I’m trying very hard not to continually obsess about working on the red truck. The weather has been unusually warm this week and it’s all I can do not to ditch work and go attack something with the angle grinder. I’ve got a long list of tasks to accomplish before I can really get into things, but the important stuff is being handled: I sent a package of documents to the Vermont DMV so that I can get a registration back from them; with that (and the Vermont plates) I can then go to the Maryland DMV and transfer the registration to a legal Maryland title.

I had some time between the end of the workday and sunset today to get into the Travelall and start cleaning things out. I was pleasantly surprised at how much I was able to get rid of and how good things actually look underneath. The first order of business was to put some new shoes on the front; she’s been sitting on jackstands since Tuesday and it really makes the whole place look redneck. I picked up the tires and had them back on the hubs in about ten minutes; a set of General Grabber LT’s in the correct size really make things look much better.
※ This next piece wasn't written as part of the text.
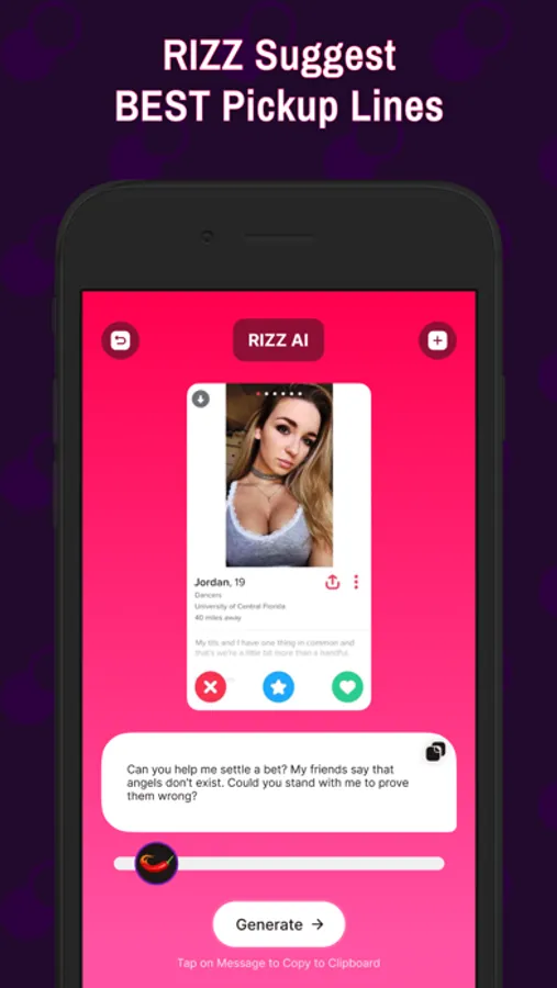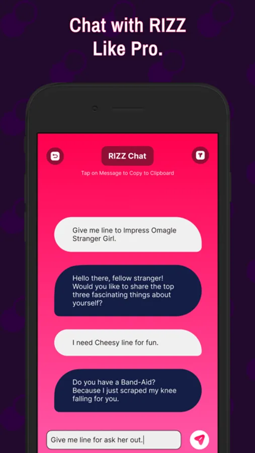 Unique pickup Lines: Break the ice seamlessly with pickup lines that are context-aware. Whether you're starting a conversation on a dating app, meeting someone in person, or even planning a virtual date, Rizz ai tailors its suggestions to suit the setting.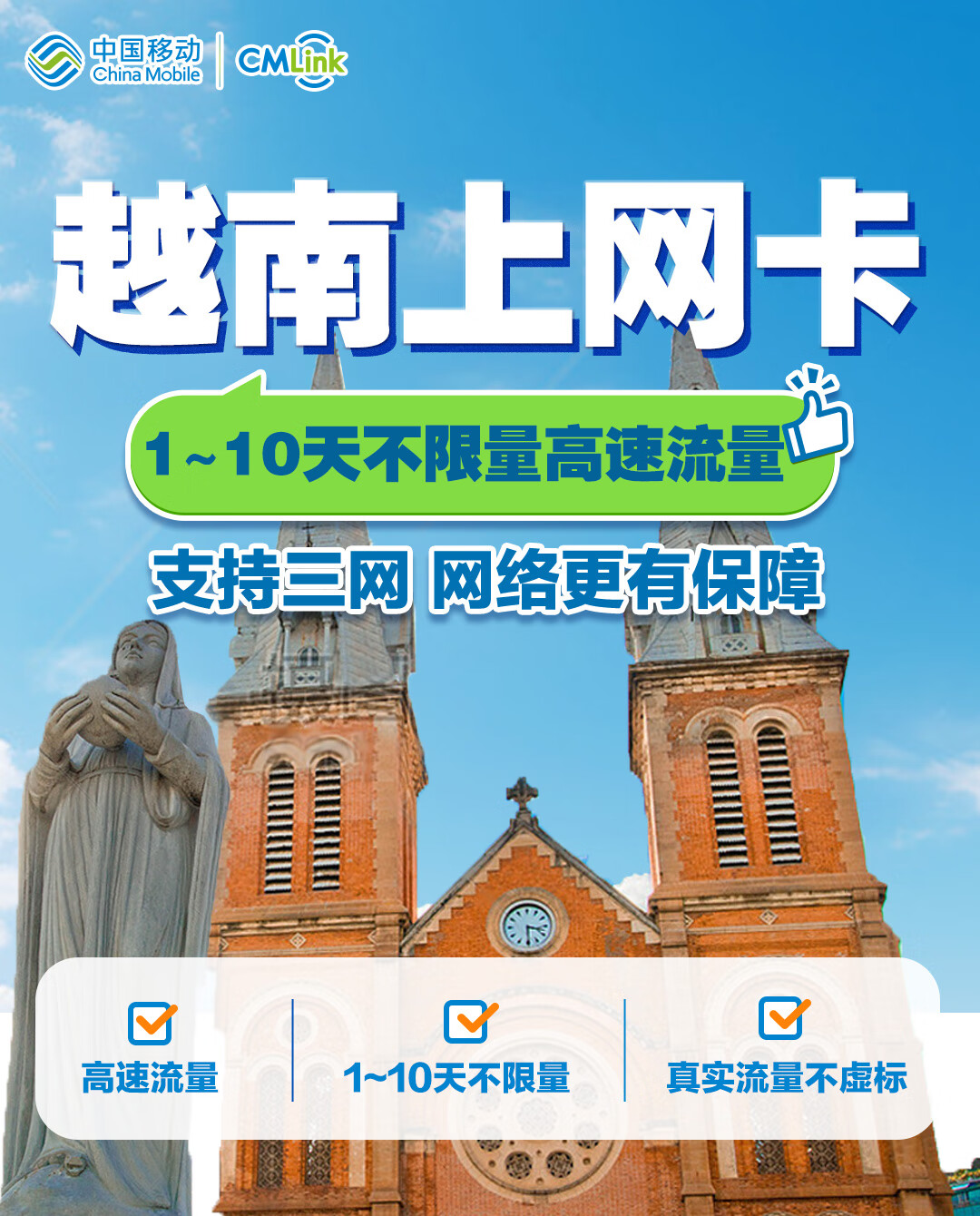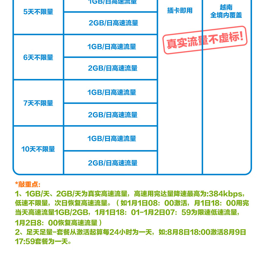 Vietnam traffic card China Mobile CMLink high-speed network universal travel SIM card 5 days 1GB/day - high speed + unlimited

In an effort to make it look better sitting in the driveway, I reached out to a guy on Marketplace with a 1965-66 grille in really good shape and arranged to buy it and have it shipped from Buffalo. With some clean chrome it’ll look much less derelict. It’s not the correct grille but it’ll do for now until I can source the right one (which is concave and which I actually prefer).
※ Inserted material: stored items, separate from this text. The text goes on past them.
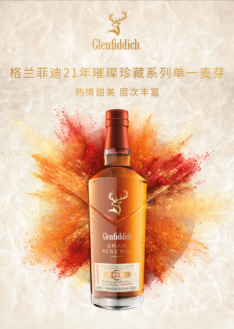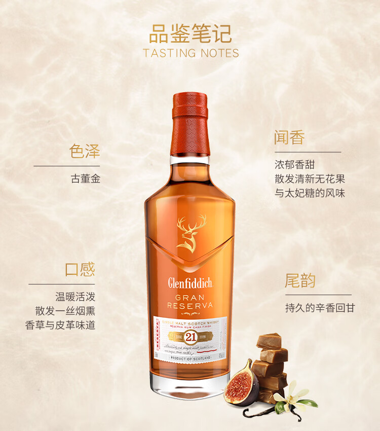 【行货】苏格兰格兰菲迪21年单一麦威士忌 700ml*1瓶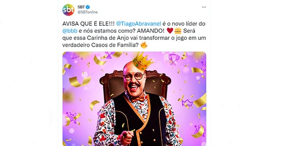 A brincadeira começou com uma publicação no perfil oficial do canal de Silvio Santos, avô de Abravanel. “Avisa que é ele! Tiago Abravanel é o novo líder do BBB e nós estamos como? Amando! Será que essa ‘Carinha de Anjo’ vai transformar o jogo em um verdadeiro Casos de Família?”, postou o SBT citando a novela e o programa da emissora.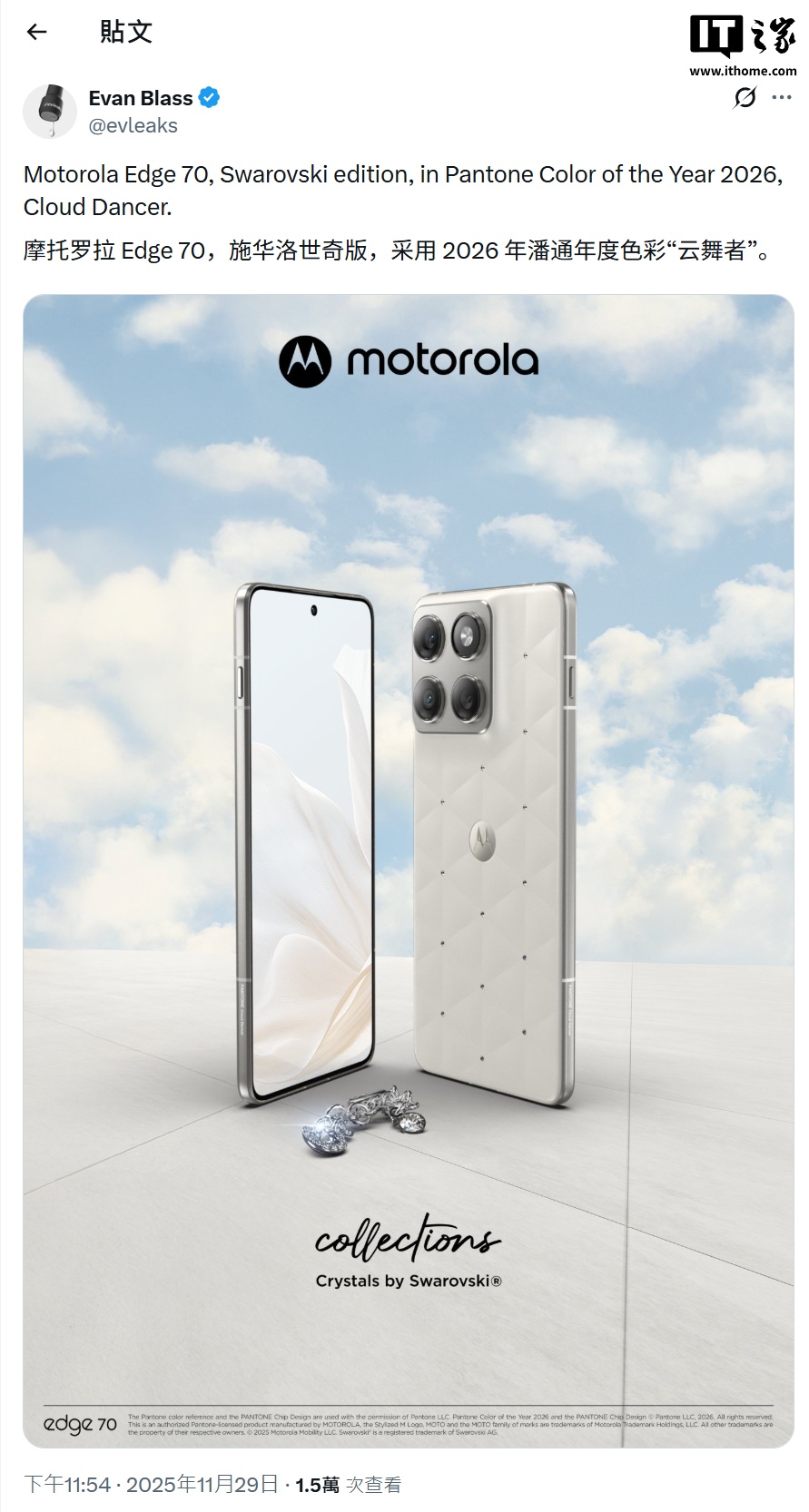 根据消息人士 Evan Blass 上周发布的泄露图,这款特别版的 Edge 70 手机将采用彩通(IT之家注:Pantone)2026 年度代表色,配色本身将被命名为“Pantone Cloud Dancer”(云中舞者),而非之前传闻的“Lightest Sky”。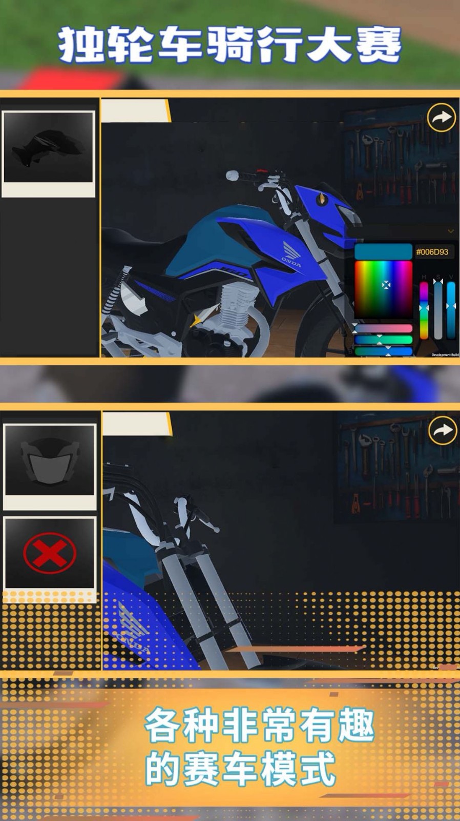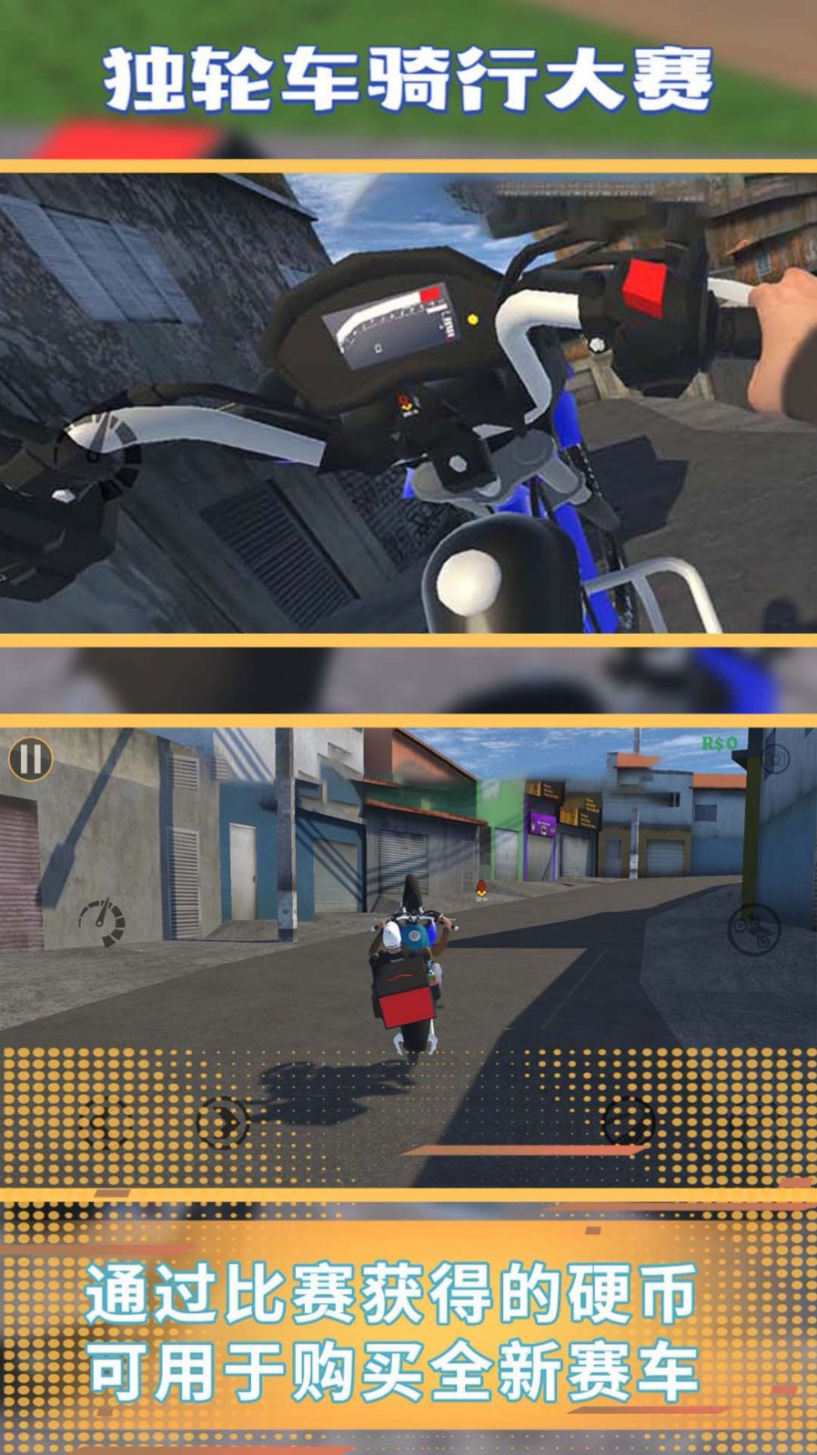 独轮车骑行大赛是一款角色扮演类模拟驾驶游戏,游戏中玩家将会扮演一名独轮赛车手,在各个不同的场景、赛场中进行自己的赛车竞速挑战。通过不断的赛车竞速来提升自己的驾驶能力,获取游戏奖励,解锁更多性能更加优秀的独轮车,让玩家挑战难度大大降低。

I’d started last weekend tearing out all the upholstery and it was pretty easy to continue. First I bagged up as much of the loose crap as possible and made a pile of the bigger stuff on the driveway. Continuing up to the front of the cabin I got the rest down off the edges of the cab roof and pulled the headliner down in sections. The carpet over the wheel wells came off pretty cleanly—I’m lucky it was cold this evening because the glue basically just gave up. The rear carpet came off the floor in one sheet. I unscrewed and removed both of the trap doors behind the front seats.

Up in the cab I used a utility knife to cut the rubber floormat out completely to get my first good look at the cab floor. Both sides have been patched at some point; the passenger side is worse. It’s rusted through in one place that I can see, right in the center. I used a shop-vac to get all the loose paint and rust out. The driver’s side has some kind of patch material over the metal that I can’t identify, so more research will need to be done there. The transmission tunnel looks to be in great shape.
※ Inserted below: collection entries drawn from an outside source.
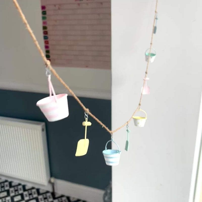 Brighten up any room with this delightful Pastel Bucket and Spade Garland. Featuring charming metal buckets and spades in soft seaside colours, it adds a playful, beachy vibe perfect for a kids’ space. Lightweight and easy to hang, this garland brings a cute, coastal touch that sparks imagination and joy.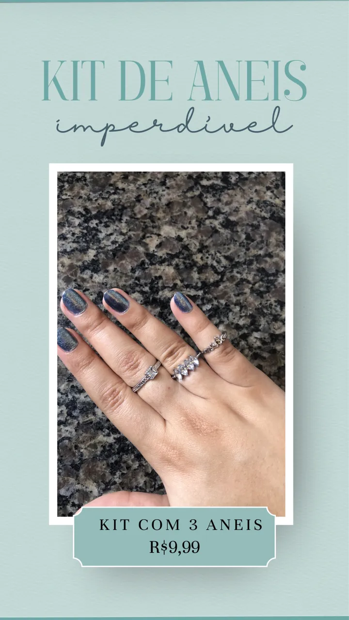 Encante-se com este kit de anéis irresistível! Perfeito para adicionar um toque de brilho e estilo ao seu visual. Com design moderno e elegante, este kit é a escolha ideal para quem busca sofisticação e beleza. Adquira já o seu e arrase!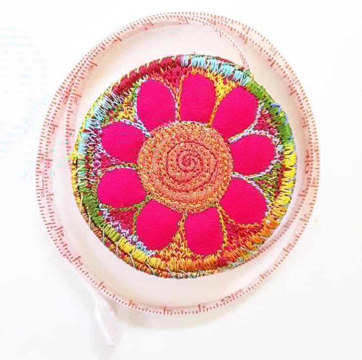 Made from layers of fabric including hand dyed Egyptian cotton and silk fabrics using the free machine embroidery style of sewing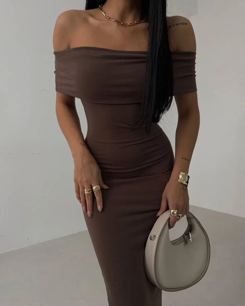 Maxi haljina sa spuštenim ramenima – elegancija i udobnost u jednom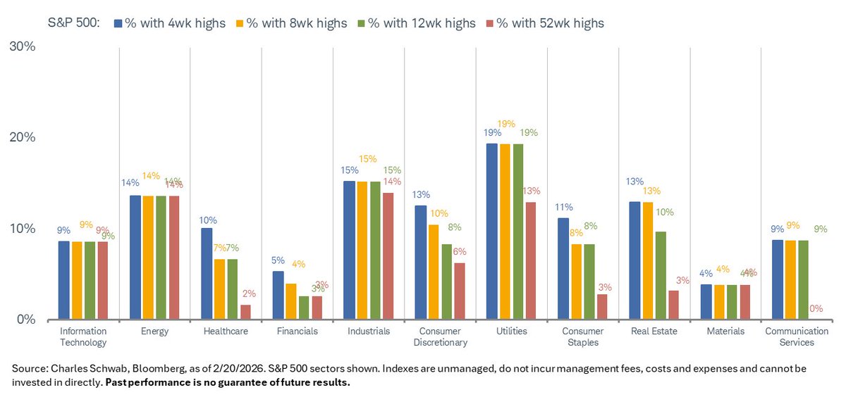 Utilities, Industrials, and Energy currently boast the highest percentage of components registering new highs.
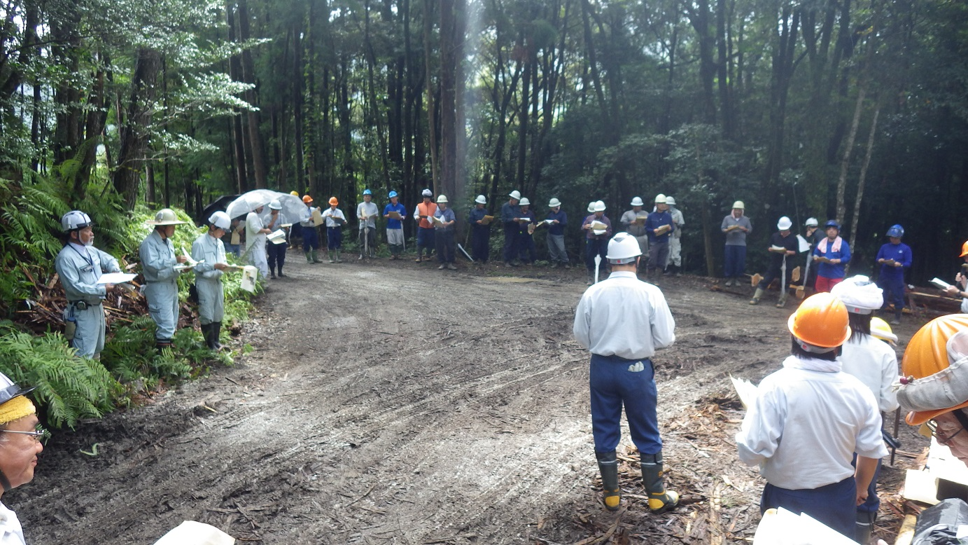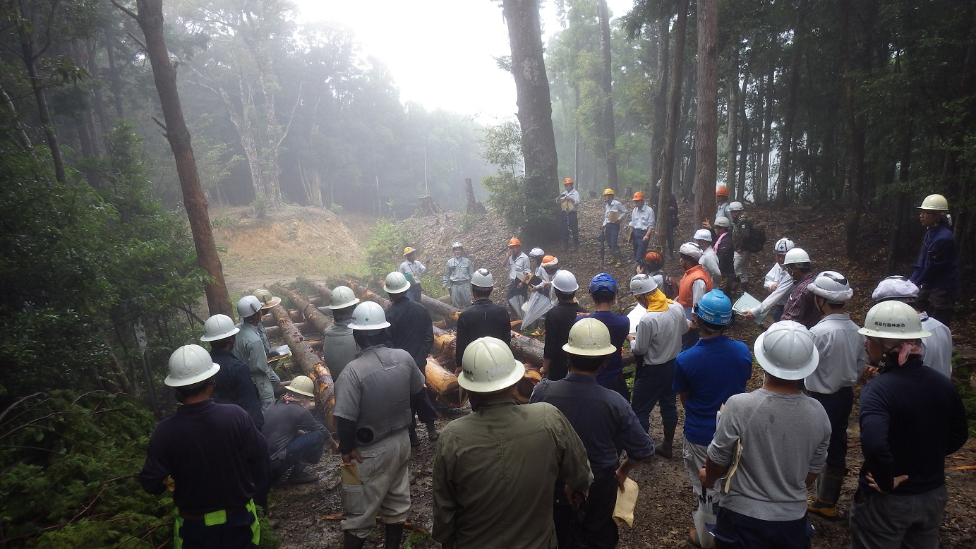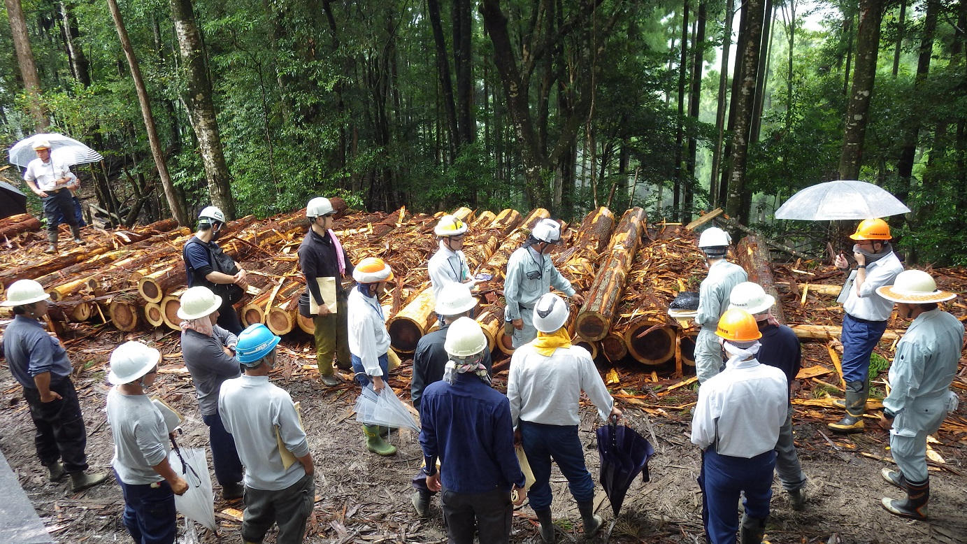 | 令和6年9月10日、安芸森林管理署管内の後ロ山(うしろやま)国有林において、「素材生産における採材技術の向上及び生産性向上に向けた現地検討会」を総勢37名の参加のもと開催しました。 例年、安芸署では、木材を山で生産する際に、木材の品質に応じて丸太の長さを決める「採材」について、その技術の向上を図る現地検討会を開催しています。 今回の検討会は、例年の採材技術の向上に加え、生産性の向上の重要性と意味について、発注者と各事業体の間で確認を行い、更なる技術の向上を目指すことを目的に行いました。 |

Travelalls have wooden floors over the rear section—it’s a sheet of (probably) 3/4 plywood covered in rubber sheeting of some kind. This rubber is disintegrating in strips of 1″x3″ or so and will need to be scraped out, probably with the aid of some heat.

As I mentioned earlier, the wheel well is in fantastic shape for an East Coast truck: there’s some rust there and I can see daylight through one of the seams, but it’s not completely missing.

When that was all done I washed the rest of the grime off the windows and got all the debris ready for a trip to the dump. It’s good to see what we’re dealing with and now I can start listing and subdividing the tasks.

I’ve been organizing a work day at the house and reached out to a bunch of local IH friends. There are several who can’t make it but want to get together this year, so I’m going to take on the role of coordinator again and see if I can get some regular meetups happening. The core group of Bennett, Brian, and Brian will be here for the day, and an old acquaintance Will will stop by with his kids for a quick visit. Will was the guy who had a gorgeous 1968 Travelall he offered me back n 2014 when I wasn’t ready to take it on, but look back upon and wish I’d bought.

I also joined a Facebook group for 1957-1968 Travelalls (called Round Body Travelalls) and I’m waiting to be approved; hopefully there are some good leads on parts and tips for working on them to be found. I posted a new build thread on the Binder Planet but haven’t gotten much response yet; I think I’ve got to show some progress.